The following log, which is generated with each unlock, is also important because it allows investigators to determine how long the phone was locked, providing them with an idea of the device's last "usage."
Timestamp | Event |
2023-10-01 20:23:24 | apsd: Screen did unlock (Was locked for 1.245383 seconds) |
Locking one's phone can also be done in various ways, such as pressing the Lock Button or asking Siri to "Lock my phone." An important point to mention is that the log below, generated by the SpringBoard process, is recorded in both cases! Therefore, this log alone is not sufficient to prove that the user pressed the specific button:
Timestamp | Event |
2023-10-04 20:23:24 | SpringBoard: performSleep: Locking the device with lock button source and animating fade-out |
2023-10-04 20:23:24 | apsd: Screen did lock (Was unlocked for 305.244956 seconds) |
As was the case before, the process "apsd" records, in seconds, the duration for which the phone was accessible. Highlighting this information can be extremely valuable if a driver claims not to have touched his/her phone while driving, for example.

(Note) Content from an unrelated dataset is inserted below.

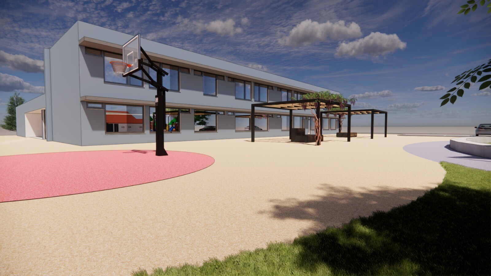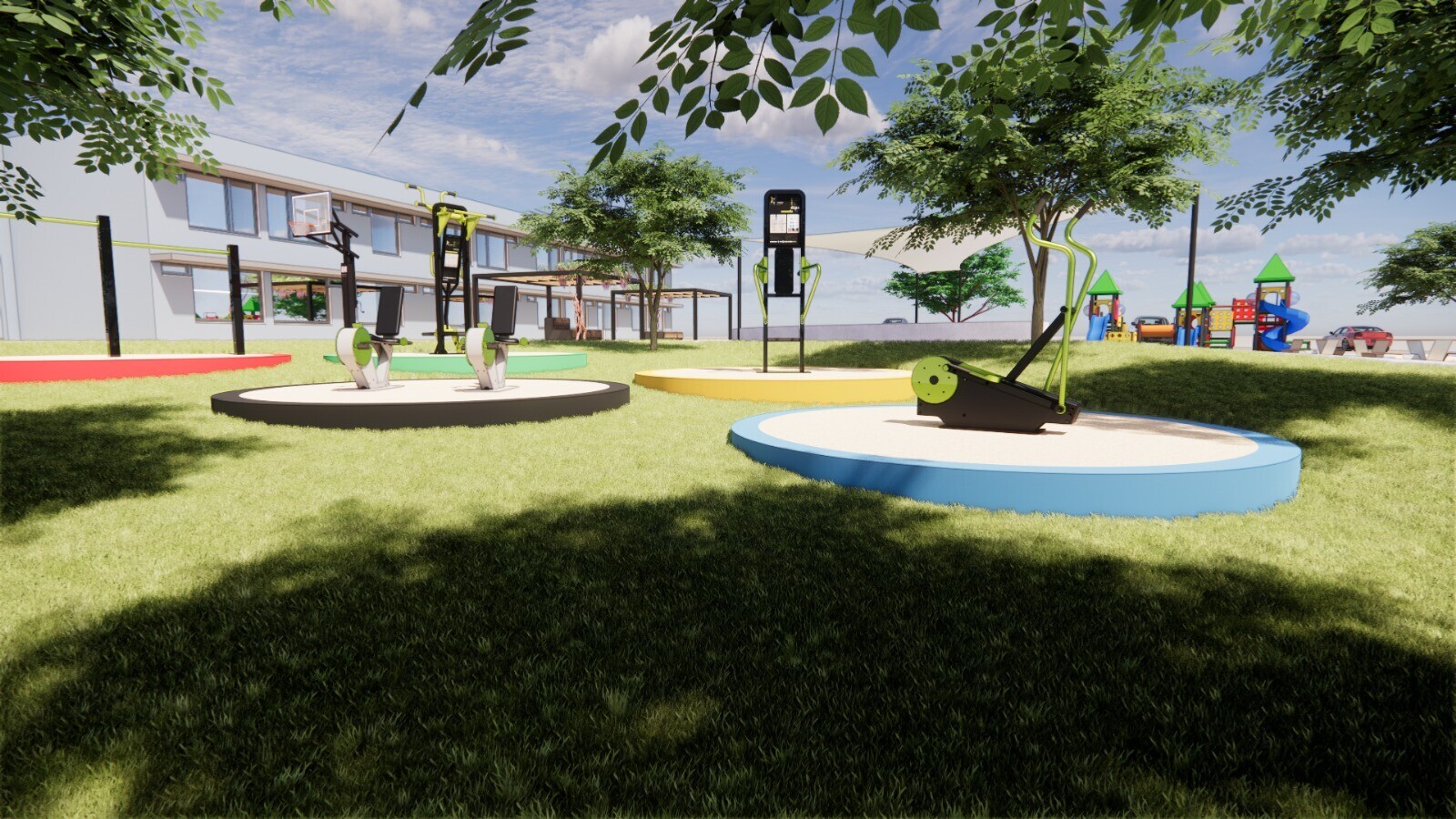 Nos espaços exteriores está prevista uma reformulação completa, com a criação de zonas verdes, parque infantil, anfiteatro ao ar livre, equipamentos de ginásio exterior, áreas de convívio, tabela de basquetebol, circuitos pedonais e novas áreas de estacionamento, promovendo a sua utilização por pessoas de todas as faixas etárias e reforçando, simultaneamente, a segurança pública. A obra inclui ainda a reorganização dos arruamentos envolventes, com novos passeios e soluções de acalmia de tráfego.

iOS Unified Logs - Horizontal Scrolling
Once the phone is unlocked, the user can horizontally scroll through his/her various downloaded applications before clicking on the one they choose. In this scenario, three potentially interesting logs can be found:
Timestamp | Event |
2023-10-03 19:12:33 | SpringBoard: SBRootFolderView beginning user-initiated scroll |
2023-10-03 19:12:33 | SpringBoard: SBRootFolderView ending user-initiated scroll - willDecelerate: YES |
2023-10-03 19:12:33 | SpringBoard: SBRootFolderView ending deceleration of user-initiated scroll |
In my research, I have observed that the first log is generated when the user begins scrolling between his/her applications, and the two last logs occur once the user lifts his/her finger from the screen. If they do not lift their finger and perform a "partial" scroll (keeping their finger on the screen for a few seconds, for example), the two final logs will be recorded with several additional seconds compared to the first one.
Conclusion
Reconstructing with precision the actions taken on a phone can sometimes be challenging. However, as demonstrated by these brief examples, investigating the Unified Logs recorded by iPhones can be highly valuable for digital investigators. We have only scratched the surface here by showing how a phone was unlocked and for how long, for instance. Such information can be crucial in certain investigations where a phone is involved, particularly in cases related to traffic accident investigations when it is necessary to prove that a driver was using their smartphone at the time of the offense.
In the following articles, we will delve into other logs, especially those generated by third-party applications, to explore in greater detail the benefits of considering them.